• [Data extract]
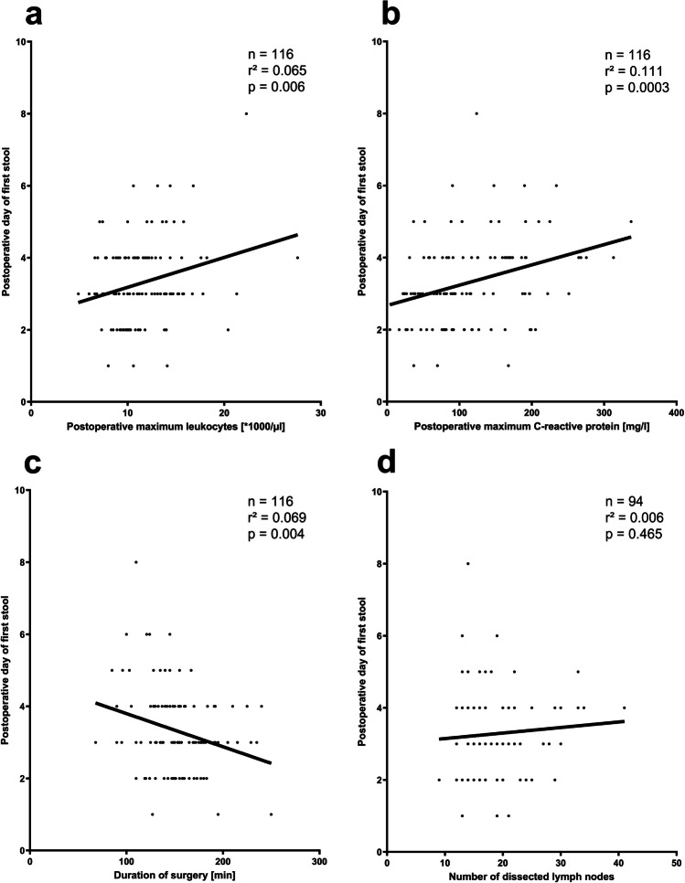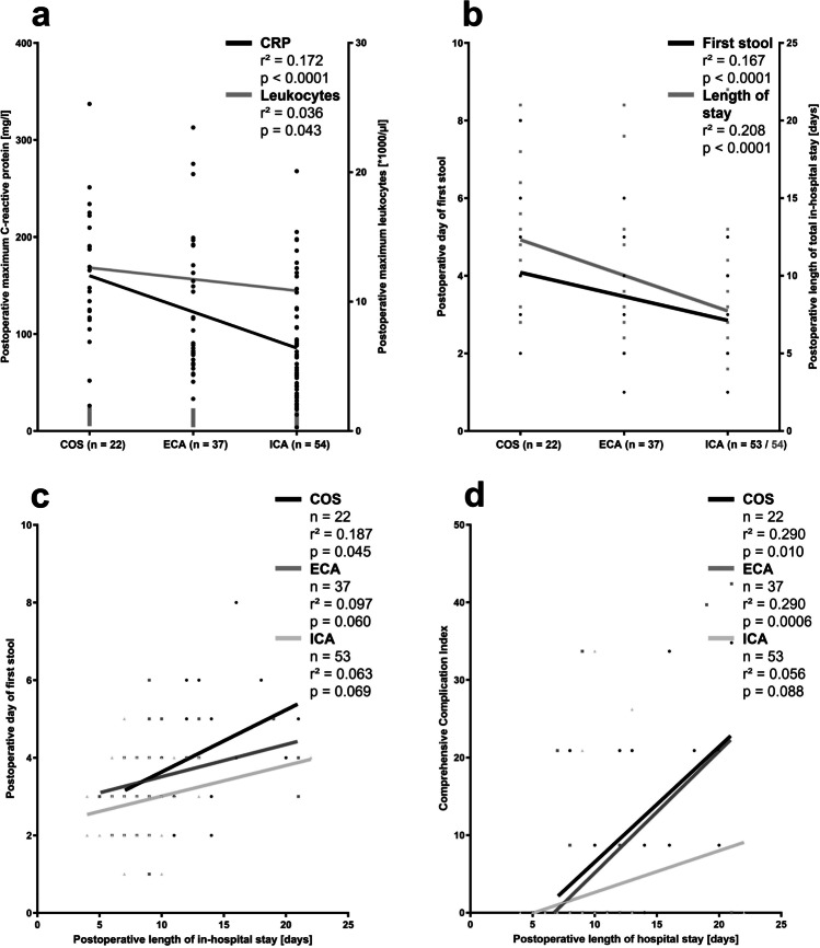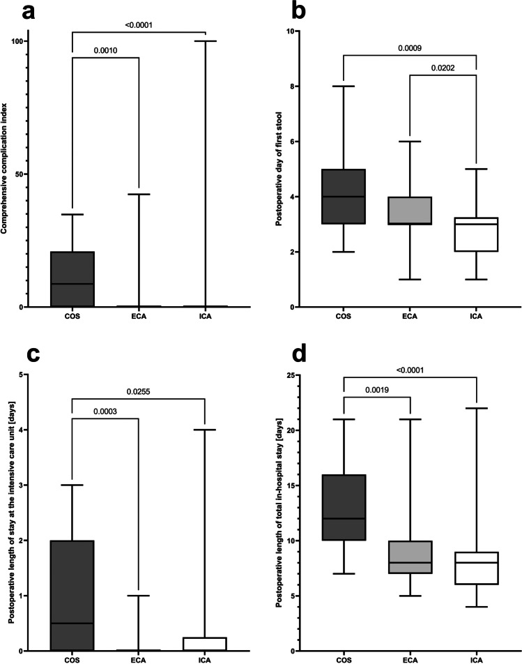Results: The conversion from robotic to open surgery rate was low (overall: 3.2%). Slightly longer duration of surgery had been observed during the early phase after introduction of the robotic program to RC (ECA versus COS, p = 0.044), but not anymore thereafter (versus ICA). No differences were observed in oncologic parameters including rates of tumor-negative margins, lymph node-positive patients, and lymph node yield during mesocolic excision. Both robotic approaches are beneficial regarding postoperative complication rates, especially wound infections, and shorter length of in-hospital stay compared with COS. The duration until first postoperative stool is the shortest after ICA (COS: 4 [2-8] days, ECA: 3 [1-6] days, ICA: 3 [1-5] days, p = 0.0004). Regression analyses reveal neither a longer duration of surgery nor the extent of mesocolic excision, but the degree of minimally invasiveness and postoperative systemic inflammation contribute to postoperative bowel dysfunction, which prolongs postoperative in-hospital stay significantly.
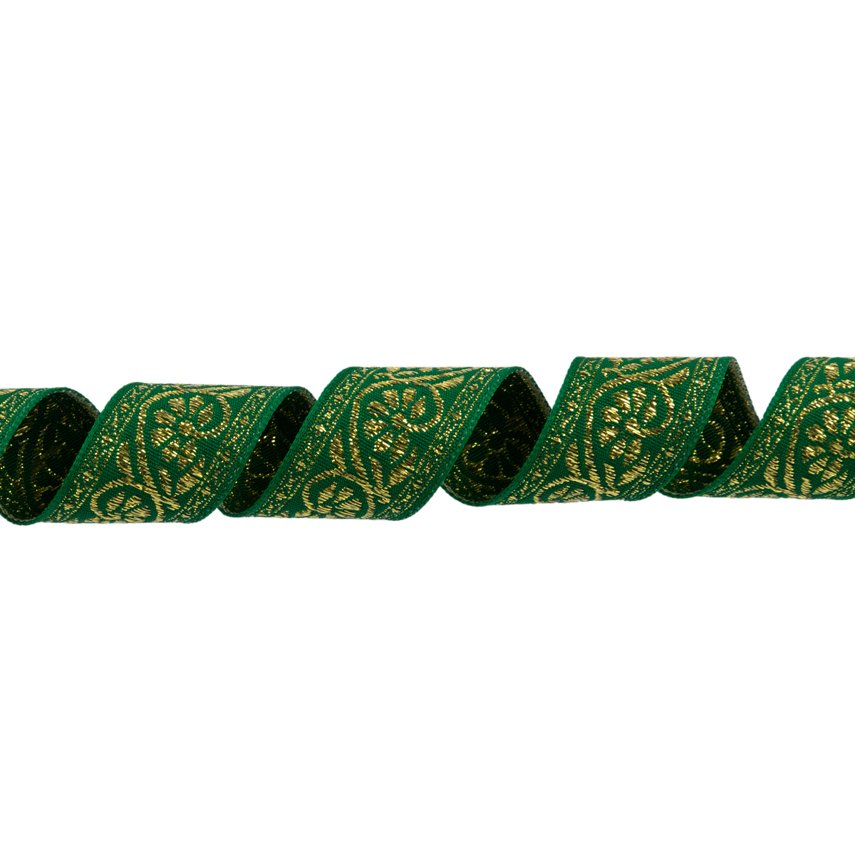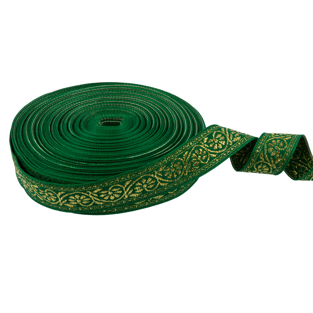 Лента (тесьма) жаккардовая 23.0-25.0 мм / 25 метров, зеленый /под золото, Blitz
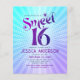 "Feliz Dulce 16 cumpleaños". Envíe esta genial invitación retro boho, personalizada de fiesta de presupuesto para un evento que recordar. Tipografía divertida, de moda, audaz morada y azul marino con la tipografía moderna sans serif superpone un fondo de rayos pop turquesa y morado gradiente con puntos blancos. En la parte posterior, un gráfico blanco dulce de 16 sobrepone un fondo pop azul y púrpura más oscuro. Personalice el texto del personalizado con el nombre de su hija, así como otros detalles del fiesta. ¡Garantizada la diversión para su celebración especial de cumpleaños! En esta moderna y especial colección también se ofrecen platos, servilletas y otros productos de cumpleaños. Simplemente escriba el nombre del chica de cumpleaños, el año de cumpleaños y la información del lugar de fiesta y puede personalizar fácilmente esta invitación de cumpleaños. Por favor, envíame cualquier pregunta o petición.
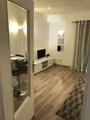 SalónEste apartamento está formado por un salón con parquet en el suelo y ventanas. Este salón está amueblado y equipado para que su estancia sea agradable : televisor, sofá, mesita, armario, tv stand, mirror, painting, carpet1 sofá cama.

• [What to do]
Begin at the first line of the listing and print each line exactly. Stop after the line containing "Лента (тесьма) жаккардовая", and omit all pictures.

• [Written answer]
Results: The conversion from robotic to open surgery rate was low (overall: 3.2%). Slightly longer duration of surgery had been observed during the early phase after introduction of the robotic program to RC (ECA versus COS, p = 0.044), but not anymore thereafter (versus ICA). No differences were observed in oncologic parameters including rates of tumor-negative margins, lymph node-positive patients, and lymph node yield during mesocolic excision. Both robotic approaches are beneficial regarding postoperative complication rates, especially wound infections, and shorter length of in-hospital stay compared with COS. The duration until first postoperative stool is the shortest after ICA (COS: 4 [2-8] days, ECA: 3 [1-6] days, ICA: 3 [1-5] days, p = 0.0004). Regression analyses reveal neither a longer duration of surgery nor the extent of mesocolic excision, but the degree of minimally invasiveness and postoperative systemic inflammation contribute to postoperative bowel dysfunction, which prolongs postoperative in-hospital stay significantly.
 Лента (тесьма) жаккардовая 23.0-25.0 мм / 25 метров, зеленый /под золото, Blitz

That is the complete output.